Throughput and accuracy numbers for the diarization and ASR backends. Throughput figures come from in-house runs; accuracy is reproduced from the model authors' published benchmarks.
10-minute English audio file, fp32 models. RTF < 1.0 = faster than real-time.
| Backend | Hardware | Diarization | ASR | Total | RTF |
|---|---|---|---|---|---|
| Silero VAD | AMD Ryzen 7 7840U | 2.1s | 50.5s | 52.7s | 0.088 |
| Sortformer | AMD Ryzen 7 7840U | 33.2s | 49.2s | 82.4s | 0.137 |
| DiariZen | AMD Ryzen 7 7840U | 502.0s | 55.8s | 557.8s | 0.930 |
| Silero VAD | NVIDIA RTX 3090 | 2.1s | 5.4s | 7.4s | 0.012 |
| Sortformer | NVIDIA RTX 3090 | 16.0s | 5.5s | 21.4s | 0.036 |
| DiariZen | NVIDIA RTX 3090 | 16.8s | 5.4s | 22.2s | 0.037 |
DiariZen's segmentation and embedding pipeline is heavily GPU-accelerated — CUDA reduces diarization time from 502s to 16.8s (~30×) and brings total runtime in line with Sortformer.

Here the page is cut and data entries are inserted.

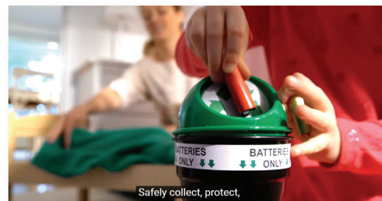
National TV commercials used the slogan “Collect, Protect, Drop Off” to educate consumers about safe battery recycling best practices.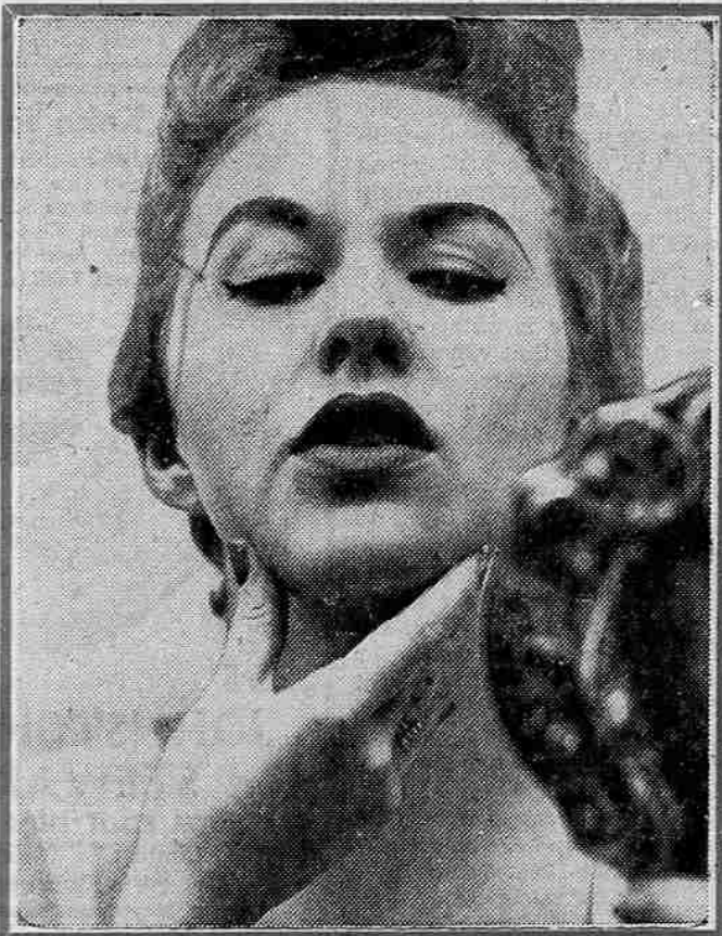
Protein helps you reduce. Concentrated, high-quality protein—the kind in Kellogg's Special K—is satisfying food. Yet there are only 105 calories in an average 1-ounce serving of this delicious new protein cereal.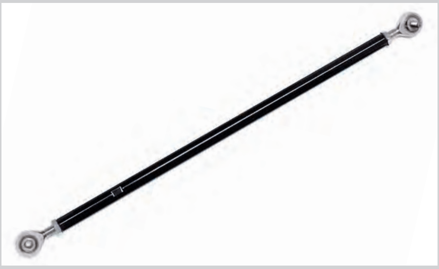
D. BLACK SHIFT LINKAGES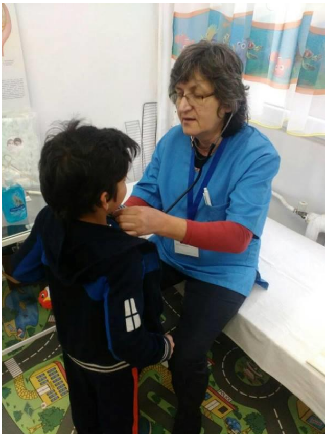
Profilactic examinations in Ruse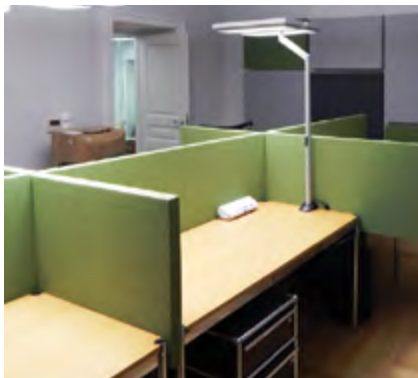
Office Acoustic Partitions

They are available in various colours and can be self extinguished (Flamability test EN13501-1 Class B, s2, d0).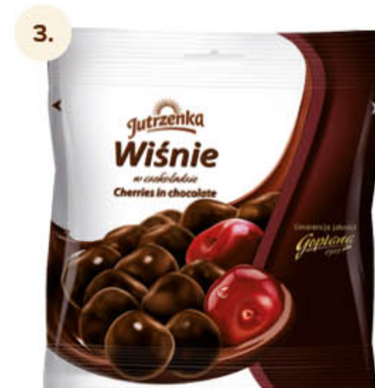
Cherry covered with dark chocolate 80 g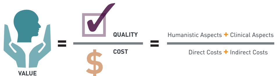
Figure 1: Value in Healthcare

Respondents noted that in the case of healthcare, in today's climate, it is imperative to simultaneously raise quality while lowering (or at least stabilizing) cost. It was not agreeable in the view of most HLC stakeholders to reduce healthcare quality in exchange for major cost reductions.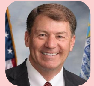
MIKE ROUNDS South Dakota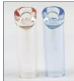
The nose adaptors, tailored to fit right and left nostrils.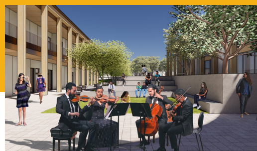
Performing & Media Arts Building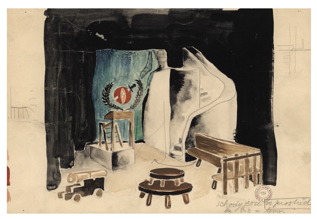
Fig. 13: The town hall, Wachsman's set design for Heavy Barbara (H6D-5089). Collection of the National Museum, Prague, Czech Republic.

453). It is worth mentioning that Feuerstein's style also inspired the scenography for Nebe na zemi [Heaven on Earth] (1936), which was created by Voskovec and Werich themselves. The duo likely discovered a stage form among Feuerstein's sets that closely corresponded to their needs and ideas, and then drew on it in later productions, even when Feuerstein did not collaborate, including Heavy Barbara . The sets of all these plays were based on the continuous transposition of a stable number of objects of scenic architecture on stage; their covering, uncovering, and varied decorating; and the verticalisation of the stage space through elevated ramps, stairs, and ladders.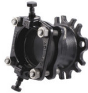
Restrained Flange Adapters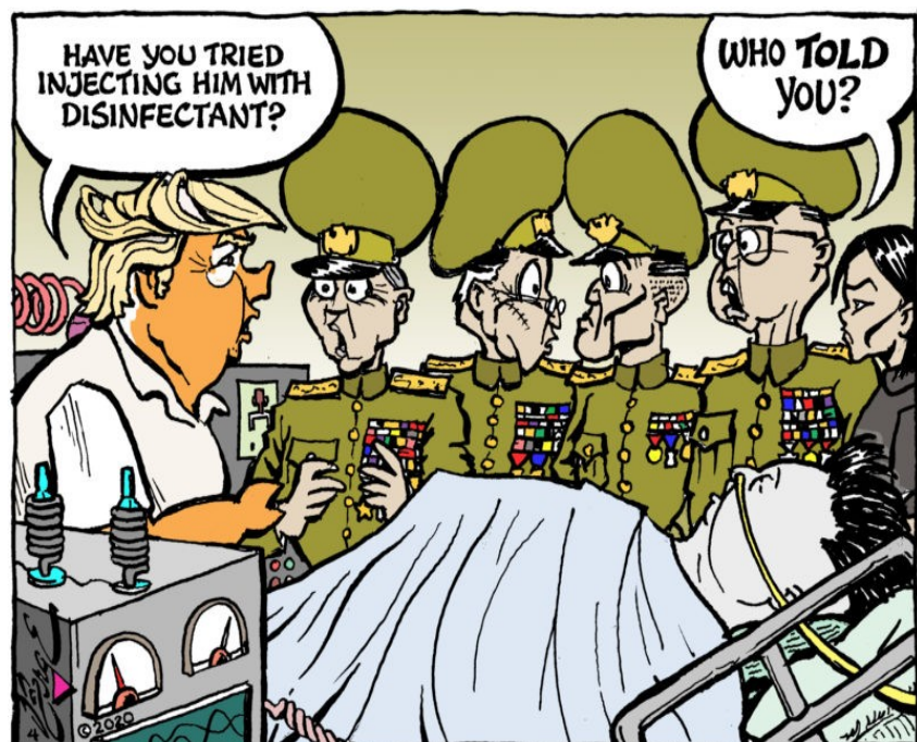
Paul W. Berge / Courtesy of AAEC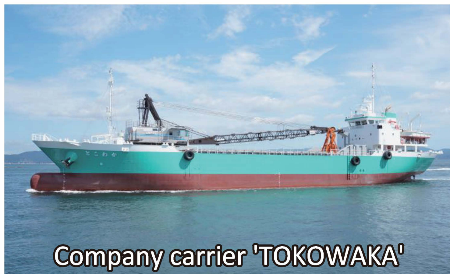
Company carrier 'TOKOWAKA'

This type of carrier is specialized to carry macadams, gravel and sand, equips grab crane for lading and unloading them.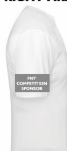
JERSEY - RIGHT ARM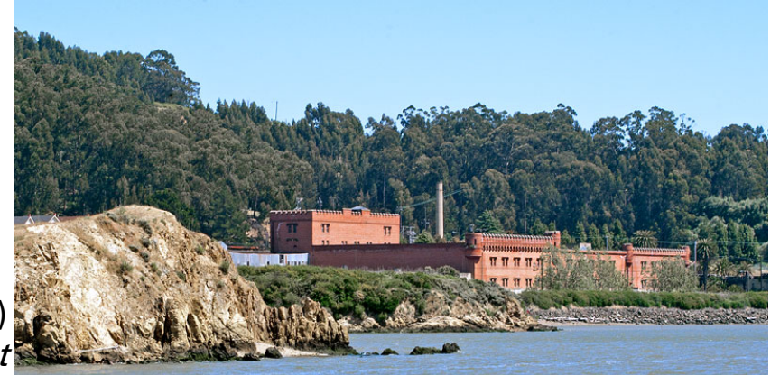
Winehaven (1907) Richmond right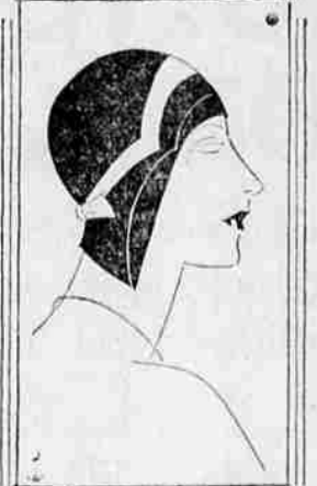
A TWO-PIECE felt hat held together with a slide fastening diagonally across the top is one of the clever new imports.

Methods of control and treatment for anaplastosis, a cattle disease similar to Texas fever, are sought by Texas and federal entomologists.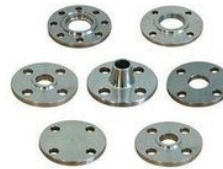
ANSI MS Flanges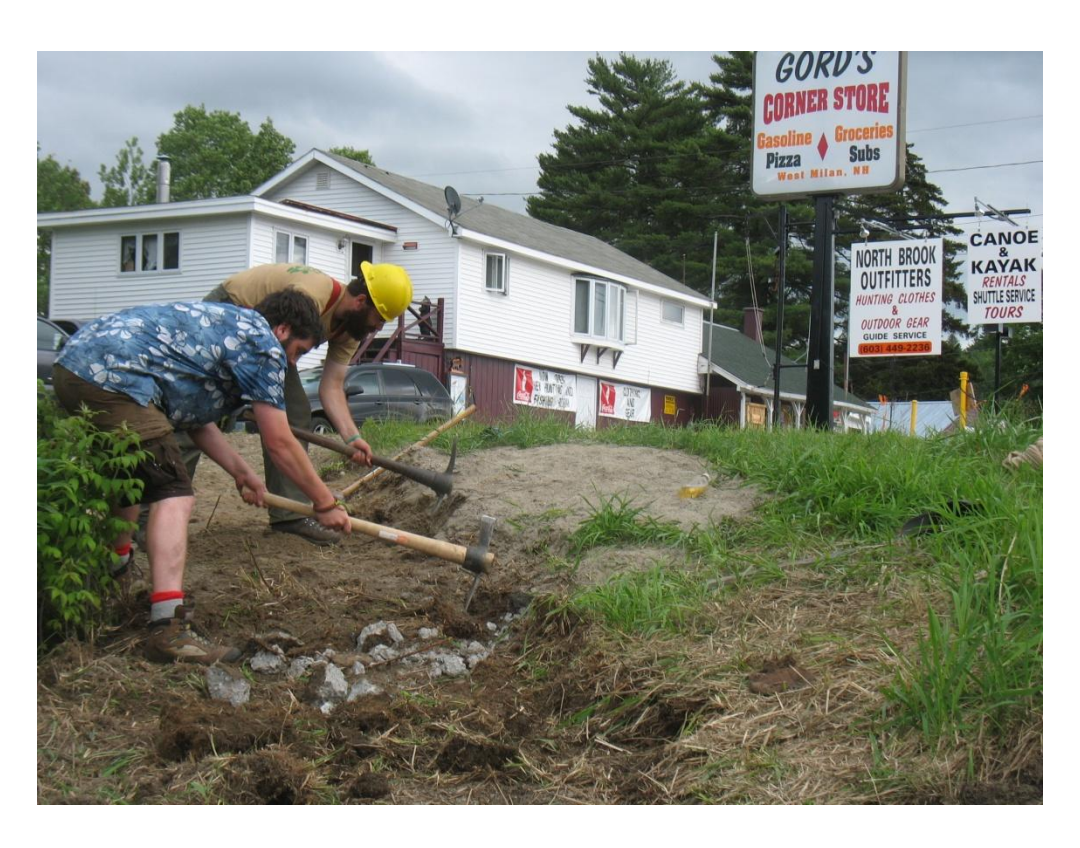
NFCT Stewardship Crew Members working on Gord's Access.

Parakeet TDT beam search (--parakeet-beam 4) adds roughly 3–5× to ASR latency. With KenLM fusion at typical weights the additional lookup cost is a few hundred milliseconds per clip (one-time LM load plus microsecond-per-beam-expansion scoring).
Diarization Error Rate from published benchmarks. Lower is better.
| Backend | AMI-SDM | VoxConverse | DIHARD III | Source |
|---|---|---|---|---|
| Sortformer v2-stream | 20.6% | 13.9% | 20.2% | HuggingFace |
| DiariZen-Large | 13.9% | 9.1% | 14.5% | BUTSpeechFIT/DiariZen |
Benchmarks use different evaluation conditions (collar, overlap handling) — direct cross-model comparison should be treated as indicative only. The independent survey Benchmarking Diarization Models (2509.26177) found Sortformer v2-stream and DiariZen among the top open-source performers overall.